仔细一看,灯上的美人似乎与她有七分相似。沈妤讶然:“难道这是你做的?”

    郁珩低笑道:“灯我是不会做的,但是剪几张美人还是会的。不过你放心,我只会剪你的小像。”

    沈妤低眉浅笑,轻声道:“谢谢。”

    “那你呢?”郁珩轻笑道。

    沈妤踟躇了一下,从袖中拿出一样东西。

    郁珩挑挑眉,刚要接过去,沈妤立刻收回来道:“我绣工不好,你若是嫌弃,可以不要。”

    郁珩笑而不语,轻轻掰开她的手指,将她手中的东西取出来。

    原来这是一只青色的荷包,上面绣着荷叶莲花。绣工的确不好,但郁珩却是很高兴。

    他心中一动,眉眼含着动人的笑:“我很喜欢。”

    沈妤仍旧尽力保持平静:“我不喜欢绣香囊,所以就改成了荷包,我想你也不喜欢佩戴香囊。”

    郁珩爱不释手,来回摩挲着,突然他摸到一个圆形的小珠子似的东西:“这是什么?”

    沈妤阻止了他打开荷包的手,面容染上些许红晕,也不知道是因为烛火映照的原因,还是害羞了:“回去再看。”

    郁珩掂了掂,瞬间了然。他笑容越发开怀:“好,都听你的。”

    他想,他已经明白沈妤的心意了。虽然她口中没说,但是这个荷包和荷包的东西已经能说明一切了——虽然他还是想亲口听她说。

    思及此,他将她的手握得更紧了。

    沈妤任由他牵着手,两人走在熙熙攘攘的大街上,看着四周的风景,时不时的相视一笑。

    跟在后面的元骁激动又感慨,主子记挂了人家这么多年,终于苦尽甘来了,就是不知道什么时候能成婚。

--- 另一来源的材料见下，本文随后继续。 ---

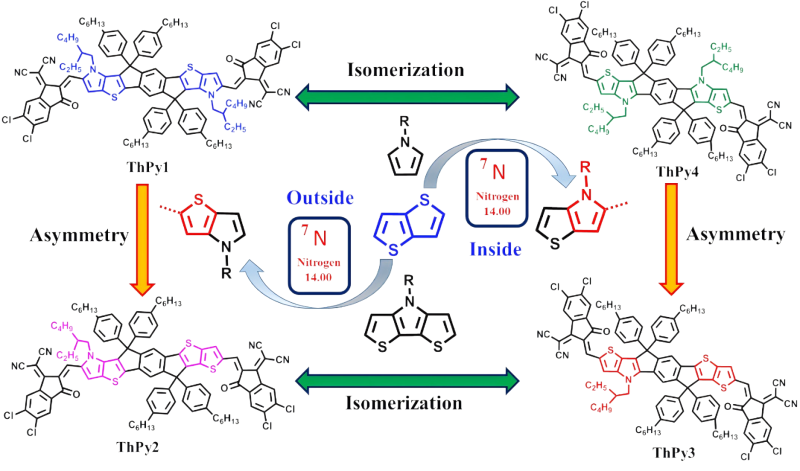 开发和合理利用新的构建单元对于设计高性能有机光伏材料,尤其是非富勒烯SMA,具有特别重要的意义。在大多数情况下,噻吩、噻吩并[3,2-b]噻吩及其衍生物是最常用的结构单元。与噻吩相比,吡咯是最富电子的五元单芳环,可以减小光学带隙,提升分子LUMO能级。同样,带有吡咯的三环二噻吩并[3,2-b:2',3'-d]吡咯(DTP)赋予了SMAs一些特殊的性质,包括小的带隙和浅的LUMO能级。迄今为止,几乎所有SMA的含氮结构单元都是由单环吡咯或三环DTP组成,而双环噻吩并[3,2-b]吡咯(ThPy)作为结构单元应用到非富勒烯SMA,甚至应用到整个有机电子领域都很少受到关注。基于此,我们以新型的ThPy为构建单元发展了四种新的A-D-A型SMA(ThPy1、ThPy2、ThPy3和ThPy4)。其中,ThPy1和ThPy4是一对具有中心对称结构的异构体,ThPy2和ThPy3是另一对具有不对称中心核的异构体。每对异构体中两个分子之间的区别在于中心核中吡咯环的位置:ThPy1和ThPy2中吡咯位于中心核外围,而ThPy3和ThPy4中吡咯环位于中心核内部。与对比分子IT-4Cl相比,基于ThPy的四个受体由于吡咯的强给电子能力而表现出吸收红移和前沿轨道能级上移的特征。密度泛函理论(DFT)计算表明,与ThPy1和ThPy2(N原子在外)相比,IT-4Cl、ThPy3和ThPy4(N原子在里)由于S•••O分子内非共价相互作用表现出相对更小的扭转角,十分有助于改善分子堆积和提高电子迁移率。器件结果表明,基于PM6:ThPy3的器件实现了15.3%的 器件效率(PCE)和高达77%的填充因子(FF),该效率是基于A-D-A型SMA的OSC的最高值之一。

    不知走了多久,沈婵跑回来道:“五姐,我们去游湖罢,每次都说游湖,每次都没实现,这次我一定要去。”

    沈妤忙扯出手,笑道:“我已经让洹儿提前几日租好画舫了,我们一会就去。”

    沈婵欢呼雀跃:“还是五姐想的周到。”

    一行人到了河畔,许多画舫漂泊在上面,而且都布置的十分华丽,欢声笑语传来,丝竹管弦之声飘荡在风中,想来是漂亮的歌姬舞姬在陪着贵人饮宴。

    沈妤和沈明洹都不喜欢这些,自然没有叫美人来弹琴唱曲。只是这艘画舫和其他的想比,华丽中多了几分雅致,格外与众不同。

    沈婵由婢女扶着上了画舫,然后是沈婵。

    沈明洹生怕沈妤忽视他,抢先道:“姐姐,我扶你进去。”

    郁珩收回了手,最后一个上了画舫,然后很自然的坐在了沈妘身边。

    沈婵看到那些划着船桨的人,也跃跃欲试。但安全起见,沈妤并不同意,她只能眼巴巴的看着。

    画舫很大,布置精美,里面放置着各色美丽的花灯,浮华耀目。郁珩的目光一刻也没有离开她。

    沈妤被他看的有些不好意思,起身走到外面,随着画舫的游动,观赏着外面的景色。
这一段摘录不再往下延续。